In the last two months we have witnessed the inability of many to cope with truths they do not want to accept. Many on the left were unable to cope with the unwanted and surprising election results. Their emotions were more important than the harsh reality.
And so we saw on college campuses, students having tests postponed at an Ivy League university because they emotionally shut down. Students at other colleges were treated to use of Play-dough, coloring books, and petting animals for therapy.
This may seem like a joke, but these are future leaders. They or their parents are spending a fortune on higher education and instead of learning about truth, many seem to have a post-truth mentality.
Indeed, this culture seems to be moving away from truth faster than one can imagine. And yet truth is vital to all of us.
People often talk in relativistic terms of, "Well, that's your truth, but that's not necessarily my truth." But while we may perceive truth in differing ways, truth itself exists, regardless of whether one accepts it or not.
It's a cliché by now, but well has it been said that we're all entitled to our own opinions. But we're not entitled to our own facts.
If you were to take some medicine, it could be lethal if someone had switched the label – even in a "post-truth" culture.
I have heard about "pharm parties," where young people wanting to participate in recreational drugs, will steal whatever pills they can get from home, including many prescription-only drugs. Then they will put these drugs in a large bowl with no labels and dare one another to partake of them. This seems like suicide by the installment plan. The TV producer who told me about such a phenomenon added that when one of these participants overdoses, the others will drop his or her body (dead or dying) in front of his or her house. Nice homecoming.
Science and technology were created in a Christian milieu, and they operate on a truth-basis, not a "post-truth" basis. But ironically, many relativistic ideas are now spread on social media, meaning their purveyors are using technology to spread their untruths – now called "post-truths," I suppose.
Author Napoleon Hill said that truth is vital to success: "Unless whatever you build is based on truth, you will end with the entire structure fallen and scattered about you like the armor of Homer's ancient warriors. It simply cannot stand. It cannot withstand the test of time."
The Bible speaks of truth that is independent of belief. Let God be true and every man a liar, says the Apostle Paul. Jesus said if we follow His teachings, then we will know the truth, and the truth will set us free.
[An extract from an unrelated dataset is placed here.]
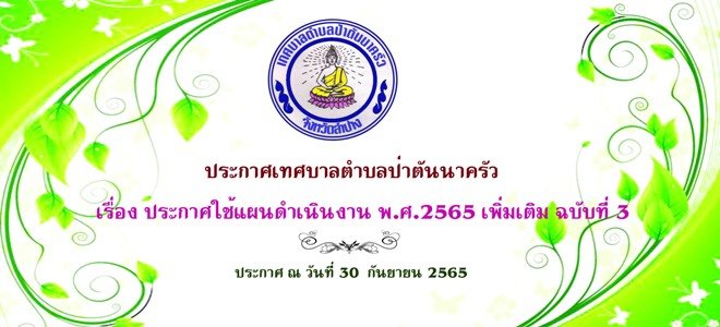 ประกาศเทศบาลตำบลป่าตันนาครัว เรื่อง ประกาศใช้แผนดำเนินงาน พ.ศ.2565 เพิ่มเติม ฉบับที่ 3

Pontius Pilate famously asked Jesus, whom he was trying, "What is truth?" Then, without waiting for an answer, he turned around and walked away.
Here was Truth Incarnate standing before the man, but he did not recognize it. Just hours before this, Jesus had told His apostles, "I am the way, the truth, and the life. No one comes to the Father but by Me." Yet Pilate, at least at that point in his life, would have none of it.
When America's founders decided to declare their independence from England, they wrote up the reasons for the rupture. They appealed to "the laws of nature and of nature's God." There is nothing "post-truth" in that idea.
The ultimate and extreme example of those who have abused the notion of "post-truth" reality is the Nazis. After the War and after the death camps were liberated, the Allied forces tried some of the most heinous remaining Nazi criminals at Nuremburg.
Over and over, the guards and the various Nazi officials on trial claimed they were not guilty because they were only obeying orders. Yet they knew and the Allies knew, and everybody knows, that what they did was ghastly and inhumane.
The Allies had to resort to trying them for the violation of natural law, and by this means many of them were convicted. This is still God's universe.
As we enter a new year, it's scary to think that so many fellow citizens value their feelings over what is genuinely true. Those that live as if this is a post-truth universe will inevitably learn that in reality it is not – for we reap what we sew. The Creator has built that into the world.